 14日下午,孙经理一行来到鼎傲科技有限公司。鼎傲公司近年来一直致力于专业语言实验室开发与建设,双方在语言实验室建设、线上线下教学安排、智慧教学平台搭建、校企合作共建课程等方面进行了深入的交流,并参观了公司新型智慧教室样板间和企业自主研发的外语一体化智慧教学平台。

==

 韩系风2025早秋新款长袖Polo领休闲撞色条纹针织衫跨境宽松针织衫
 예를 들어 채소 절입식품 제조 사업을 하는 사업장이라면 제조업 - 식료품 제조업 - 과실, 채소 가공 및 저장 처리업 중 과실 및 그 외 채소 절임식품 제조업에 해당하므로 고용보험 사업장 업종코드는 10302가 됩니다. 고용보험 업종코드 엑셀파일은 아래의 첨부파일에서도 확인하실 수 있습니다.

Description of the task » All lines above from the one holding "韩系风2025早秋新款长袖Polo领休闲撞色条纹针织衫跨境宽松针织衫" to the one holding "예를 들어 채소 절입식품", inclusive, are to be copied exactly; no other line is wanted.

Result of this exercise »
 韩系风2025早秋新款长袖Polo领休闲撞色条纹针织衫跨境宽松针织衫
 예를 들어 채소 절입식품 제조 사업을 하는 사업장이라면 제조업 - 식료품 제조업 - 과실, 채소 가공 및 저장 처리업 중 과실 및 그 외 채소 절임식품 제조업에 해당하므로 고용보험 사업장 업종코드는 10302가 됩니다. 고용보험 업종코드 엑셀파일은 아래의 첨부파일에서도 확인하실 수 있습니다.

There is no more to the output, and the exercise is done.